(Collected data)
——
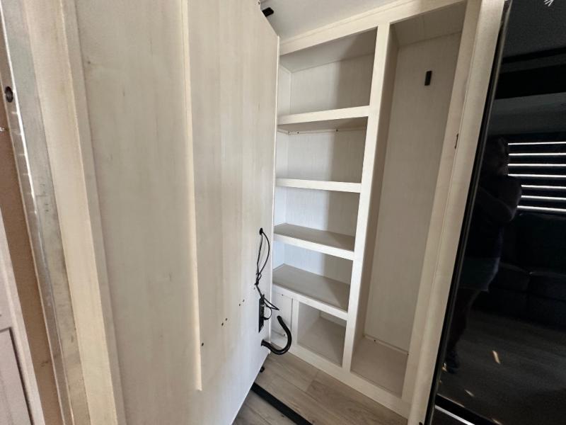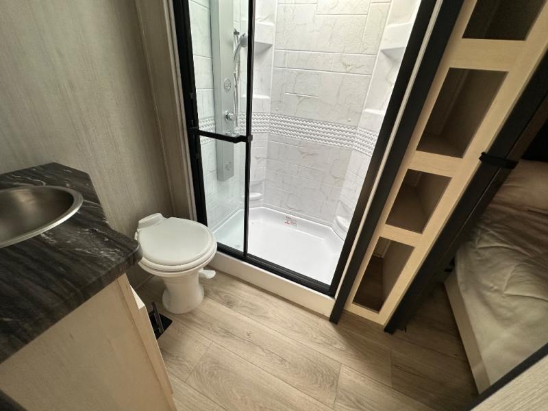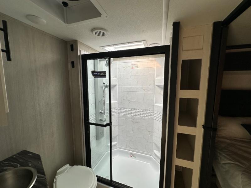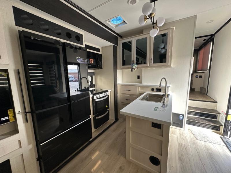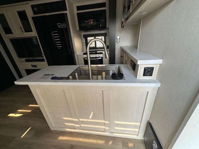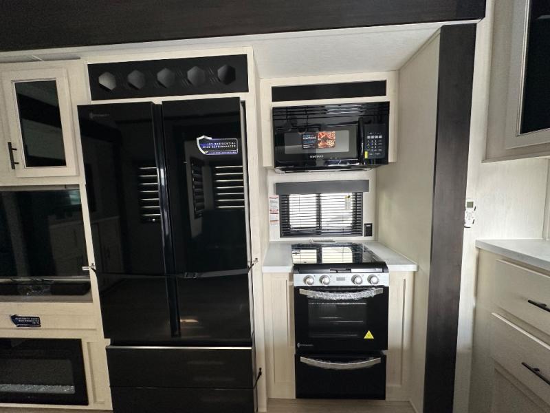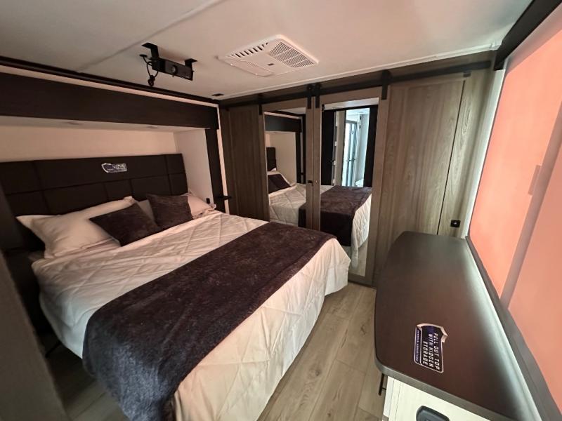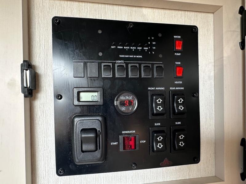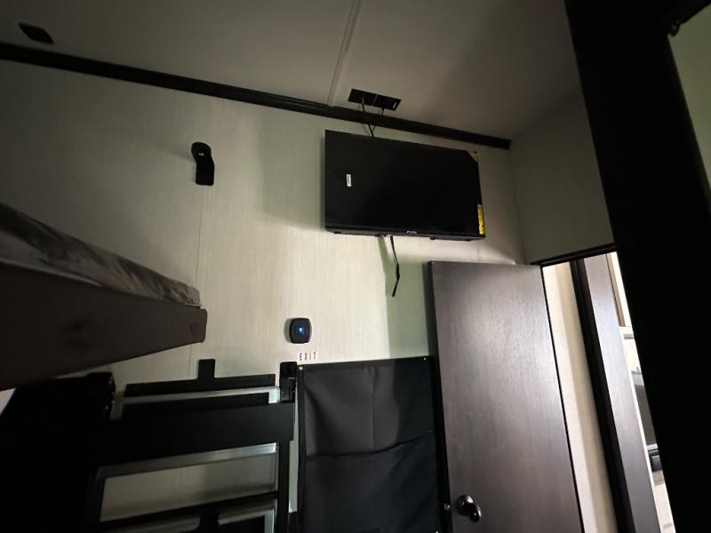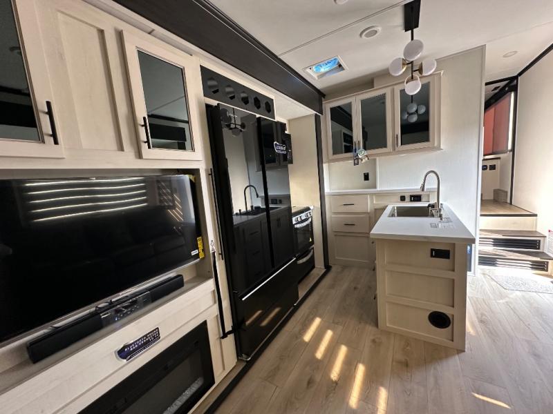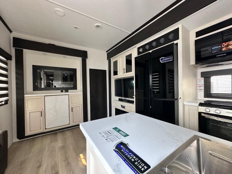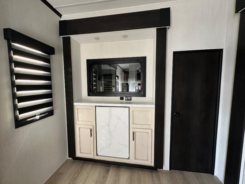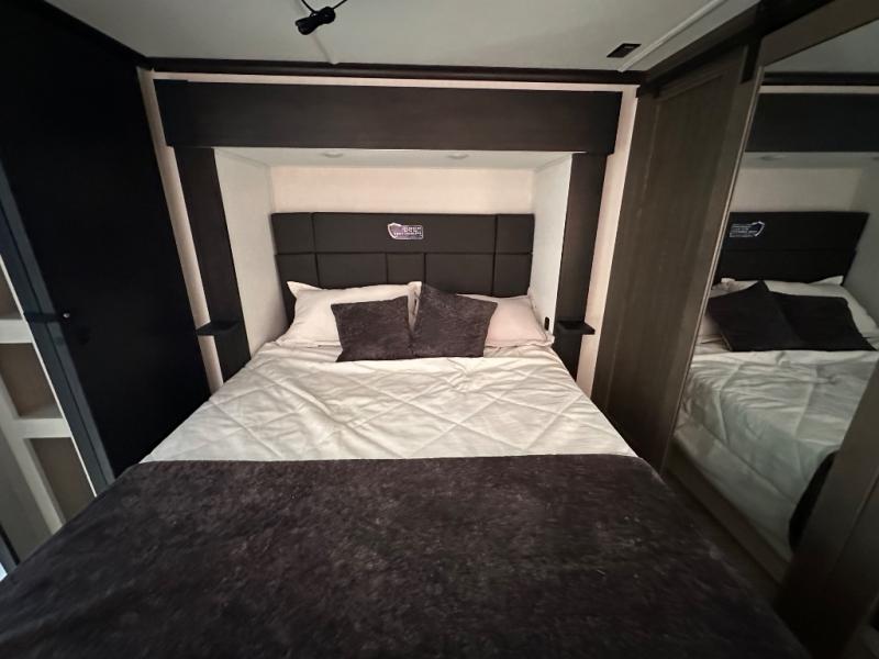 This toy hauler with an 11' separate garage is sure to meet your needs! After you've unloaded your toys, you can relax on the Euro recliners or set up the drop-down queen bed for guests if it's getting late. There is also a window in the garage that opens to the main living area to keep everyone connected, and the flip-up table on the other side of the window provides a place to dine at. A counter peninsula will give the chef of your group more space to prep meals, and the dual opposing slides in this space make it more open. You'll also enjoy the sofa with recliners across from the entertainment center with a fireplace. A full bath with a spacious shower is perfect for cleaning up after a day of trail riding, and the front private bedroom with a queen bed slide is sure to have you feeling right at home!
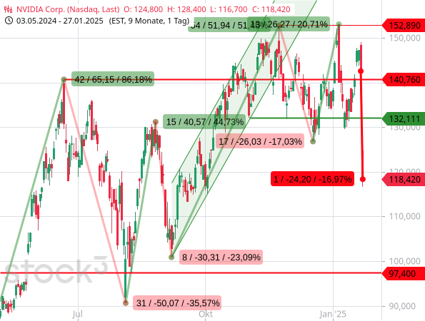Wie sehr diese Blase aufgepumpt ist, hat wieder einmal Nvidia gezeigt, indem das Unternehmen den nächsten Rekord aufgestellt hat, diesmal allerdings erneut einen negativen. Mit seinem vorgestrigen Kurssturz um letztlich rund 17 % haben sich fast 600 Milliarden US-Dollar Börsenwert in Luft aufgelöst (exakt 592,7). Das ist der größte Tagesverlust, den ein Unternehmen an der Wall Street je hinnehmen musste.
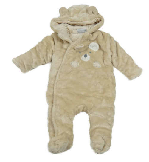 • Béžová plyšová zateplená kombinéza s medvídkem a kapucí s oušky Topomini
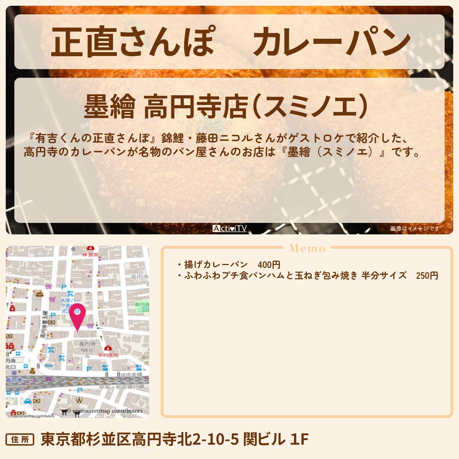 放送の【有吉くんの正直さんぽ】錦鯉・藤田ニコルさんがゲストロケで紹介した、高円寺のカレーパンが名物のパン屋さんのお店は『墨繪(スミノエ)』です。
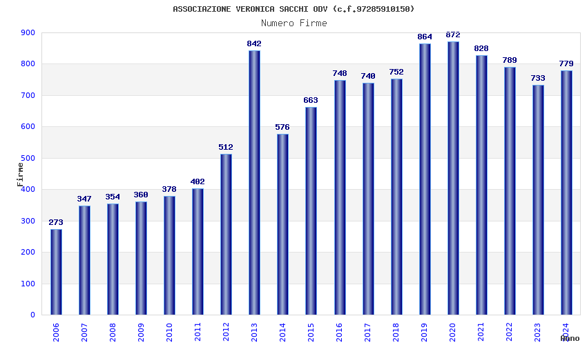 | Anno | Firme | Importi | Media | Naz. | Reg. | Prov. | Comu. |
——
▶ **Required action**: Return every record above exactly as written, but drop the pictures.

▶ **Output of the exercise**:
 This toy hauler with an 11' separate garage is sure to meet your needs! After you've unloaded your toys, you can relax on the Euro recliners or set up the drop-down queen bed for guests if it's getting late. There is also a window in the garage that opens to the main living area to keep everyone connected, and the flip-up table on the other side of the window provides a place to dine at. A counter peninsula will give the chef of your group more space to prep meals, and the dual opposing slides in this space make it more open. You'll also enjoy the sofa with recliners across from the entertainment center with a fireplace. A full bath with a spacious shower is perfect for cleaning up after a day of trail riding, and the front private bedroom with a queen bed slide is sure to have you feeling right at home!
Wie sehr diese Blase aufgepumpt ist, hat wieder einmal Nvidia gezeigt, indem das Unternehmen den nächsten Rekord aufgestellt hat, diesmal allerdings erneut einen negativen. Mit seinem vorgestrigen Kurssturz um letztlich rund 17 % haben sich fast 600 Milliarden US-Dollar Börsenwert in Luft aufgelöst (exakt 592,7). Das ist der größte Tagesverlust, den ein Unternehmen an der Wall Street je hinnehmen musste.
 • Béžová plyšová zateplená kombinéza s medvídkem a kapucí s oušky Topomini
 放送の【有吉くんの正直さんぽ】錦鯉・藤田ニコルさんがゲストロケで紹介した、高円寺のカレーパンが名物のパン屋さんのお店は『墨繪(スミノエ)』です。
 | Anno | Firme | Importi | Media | Naz. | Reg. | Prov. | Comu. |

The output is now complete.